(Exercise instructions) Each record must be written out again exactly. Skip any picture it contains.

Stored data:

+ + + + +

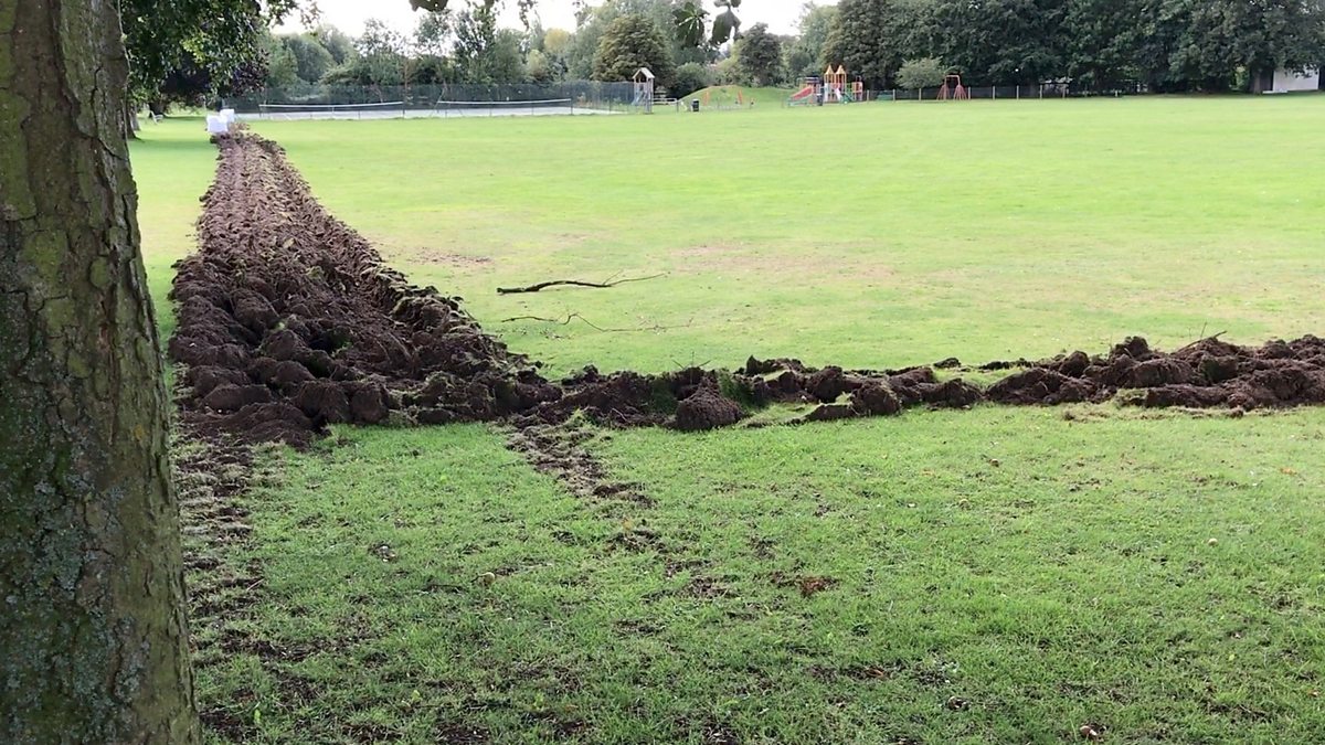 War-like trench dug around playing field
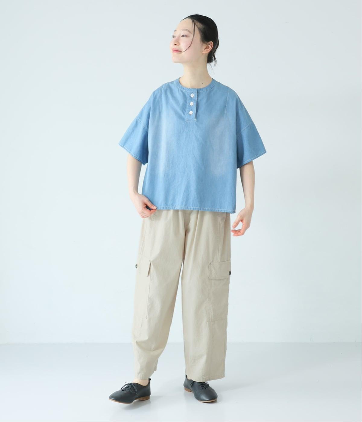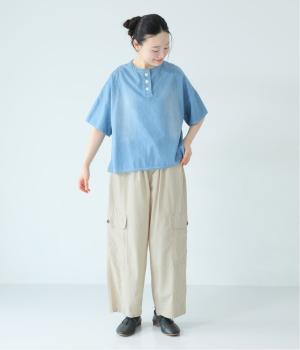 ベージュとカーキはコットン平織、インディゴネイビーは5.5ozライトオンスコットンデニムを使用。ウォッシュ加工による表面の起毛感や、やわらかな風合いも魅力のひとつです。
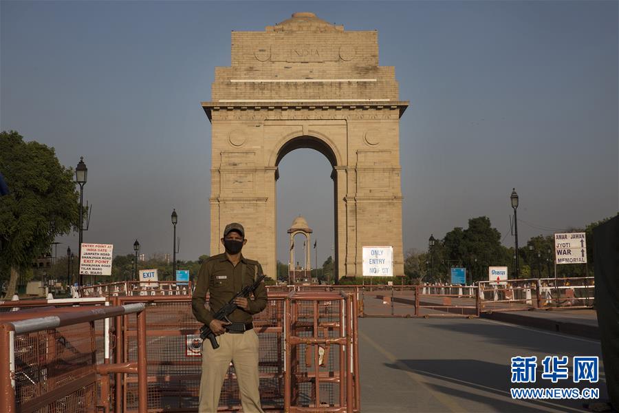 3月18日,在印度首都新德里,一名警察戴着口罩持枪站在景点印度门附近。 印度卫生部18日发布的最新数据显示,截至当天17时,该国新增14例新冠肺炎确诊病例,累计确诊病例数达151例。其中,治愈出院14例,另有3例死亡。 新华社发(贾韦德·达尔摄)
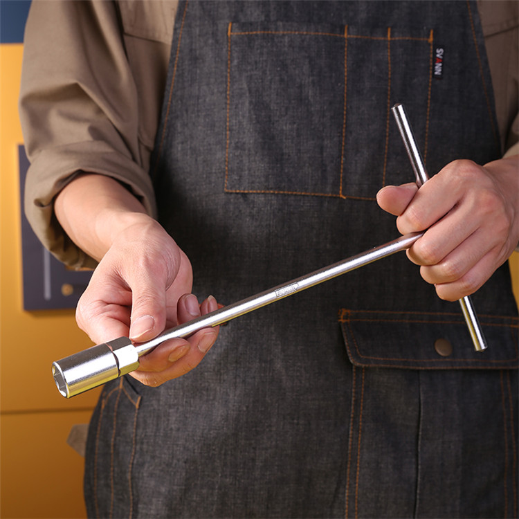 T型套筒扳手產(chǎn)品有多種規(guī)格:8mm、10mm、12mm、13mm、14mm、16mm、17mm、19mm 桿部長度24.5cm
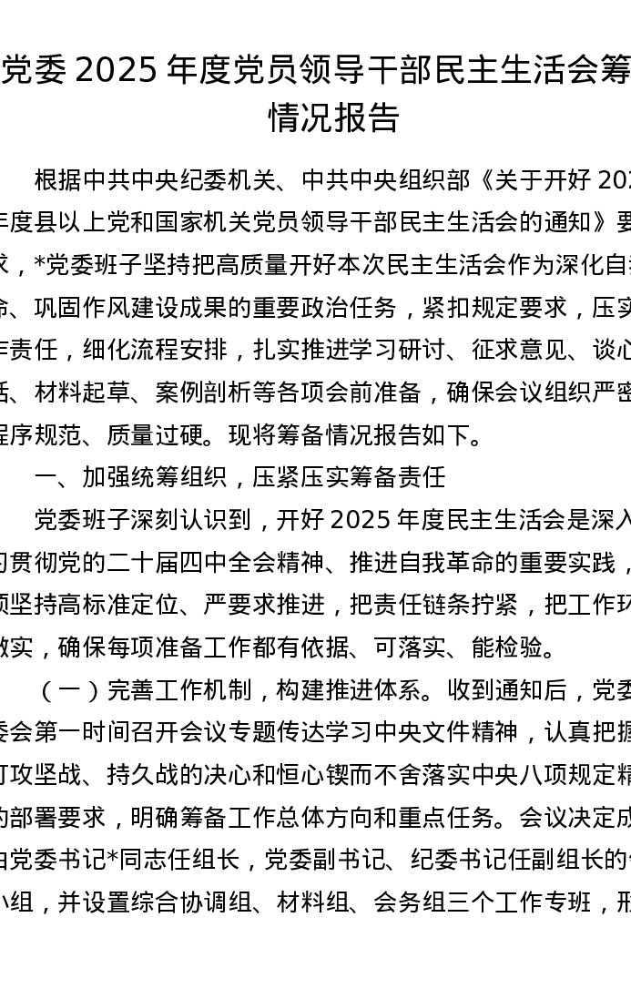 党委2025年度党员领导干部xxxxx筹备情况报告
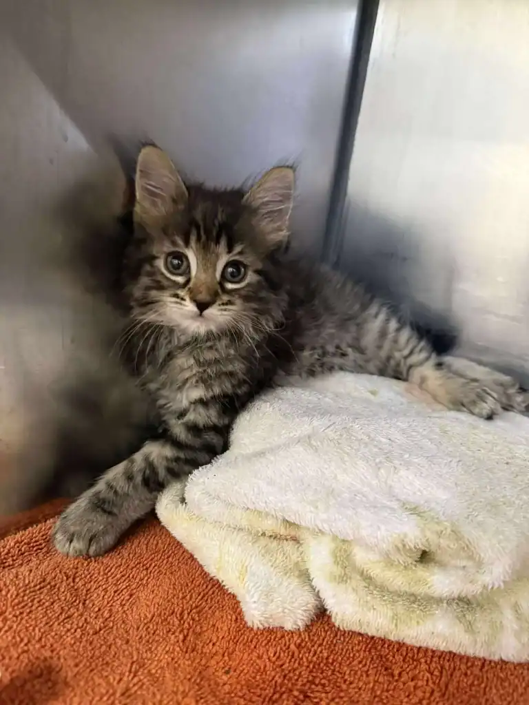 Though a bit thin, he was alert and curious, his tiny meows filling the room. They renamed him Freddy Krueger — a lighthearted nod to Halloween that gave everyone a reason to smile after such a heavy morning.
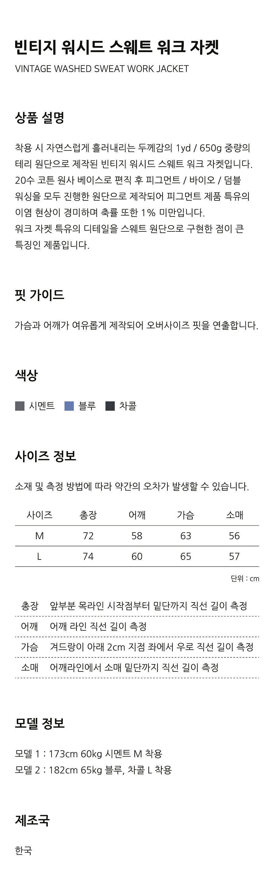 Vintage Washed Sweat Work Jacket [3 Colors]
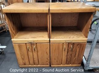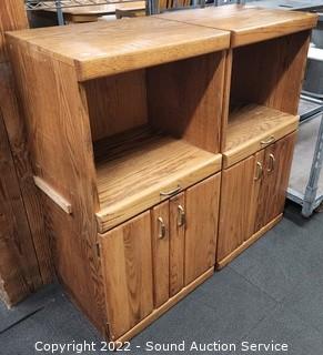 Lot #0020: 2 Oak Finish Side Table Cabinets
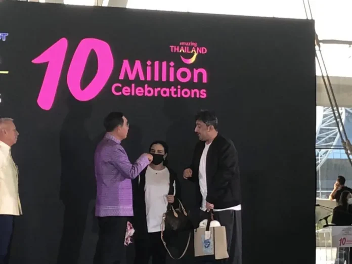 พลเอกประยุทธ์  จันทร์โอชา นายกรัฐมนตรี เป็นประธานในพิธีต้อนรับนักท่องเที่ยวผู้ที่โชคดีที่สุด (The Luckiest Tourist ) ในกิจกรรม “Amazing Thailand 10 Million Celebrations” ฉลองต้อนรับนักท่องเที่ยวต่างชาติครบ 10 ล้านคน ตามเป้าหมายสูงสุดปี 2565 ที่การท่องเที่ยวแห่งประเทศไทย (ททท.) ตั้งไว้ ประกาศความสำเร็จแบรนด์ Amazing Thailand เพื่อตอกย้ำความเชื่อมั่นประเทศไทยเป็นจุดหมายปลายทางยอดนิยมในใจนักท่องเที่ยว เตรียมเดินหน้าดันยอดนักท่องเที่ยวต่างชาติสู่ 20 ล้านคนในปี 2566 ซึ่งการท่องเที่ยวแห่งประเทศไทย กระทรวงการท่องเที่ยวและกีฬา จัดกิจกรรมในโอกาสที่นักท่องเที่ยวต่างชาติเดินทางเข้าประเทศไทยในปี 2565 ครบ 10 ล้านคน เพื่อเฉลิมฉลองและต้อนรับนักท่องเที่ยวที่เดินทางเข้ามายังประเทศไทย ทั้งทางบกและทางอากาศทั่วประเทศ ได้แก่ ท่าอากาศยานสุวรรณภูมิ ท่าอากาศยานดอนเมือง ท่าอากาศยานนานาชาติอู่ตะเภา ระยอง-พัทยา ท่าอากาศยานเชียงใหม่ ท่าอากาศยานภูเก็ต ท่าอากาศยานนานาชาติกระบี่ และสนามบินสมุย ด่านพรมแดนหนองคาย และด่านพรมแดนสะเดา

+ + + + +

(Output for this exercise)
 War-like trench dug around playing field
 ベージュとカーキはコットン平織、インディゴネイビーは5.5ozライトオンスコットンデニムを使用。ウォッシュ加工による表面の起毛感や、やわらかな風合いも魅力のひとつです。
 3月18日,在印度首都新德里,一名警察戴着口罩持枪站在景点印度门附近。 印度卫生部18日发布的最新数据显示,截至当天17时,该国新增14例新冠肺炎确诊病例,累计确诊病例数达151例。其中,治愈出院14例,另有3例死亡。 新华社发(贾韦德·达尔摄)
 T型套筒扳手產(chǎn)品有多種規(guī)格:8mm、10mm、12mm、13mm、14mm、16mm、17mm、19mm 桿部長度24.5cm
 党委2025年度党员领导干部xxxxx筹备情况报告
 Though a bit thin, he was alert and curious, his tiny meows filling the room. They renamed him Freddy Krueger — a lighthearted nod to Halloween that gave everyone a reason to smile after such a heavy morning.
 Vintage Washed Sweat Work Jacket [3 Colors]
 Lot #0020: 2 Oak Finish Side Table Cabinets
 พลเอกประยุทธ์  จันทร์โอชา นายกรัฐมนตรี เป็นประธานในพิธีต้อนรับนักท่องเที่ยวผู้ที่โชคดีที่สุด (The Luckiest Tourist ) ในกิจกรรม “Amazing Thailand 10 Million Celebrations” ฉลองต้อนรับนักท่องเที่ยวต่างชาติครบ 10 ล้านคน ตามเป้าหมายสูงสุดปี 2565 ที่การท่องเที่ยวแห่งประเทศไทย (ททท.) ตั้งไว้ ประกาศความสำเร็จแบรนด์ Amazing Thailand เพื่อตอกย้ำความเชื่อมั่นประเทศไทยเป็นจุดหมายปลายทางยอดนิยมในใจนักท่องเที่ยว เตรียมเดินหน้าดันยอดนักท่องเที่ยวต่างชาติสู่ 20 ล้านคนในปี 2566 ซึ่งการท่องเที่ยวแห่งประเทศไทย กระทรวงการท่องเที่ยวและกีฬา จัดกิจกรรมในโอกาสที่นักท่องเที่ยวต่างชาติเดินทางเข้าประเทศไทยในปี 2565 ครบ 10 ล้านคน เพื่อเฉลิมฉลองและต้อนรับนักท่องเที่ยวที่เดินทางเข้ามายังประเทศไทย ทั้งทางบกและทางอากาศทั่วประเทศ ได้แก่ ท่าอากาศยานสุวรรณภูมิ ท่าอากาศยานดอนเมือง ท่าอากาศยานนานาชาติอู่ตะเภา ระยอง-พัทยา ท่าอากาศยานเชียงใหม่ ท่าอากาศยานภูเก็ต ท่าอากาศยานนานาชาติกระบี่ และสนามบินสมุย ด่านพรมแดนหนองคาย และด่านพรมแดนสะเดา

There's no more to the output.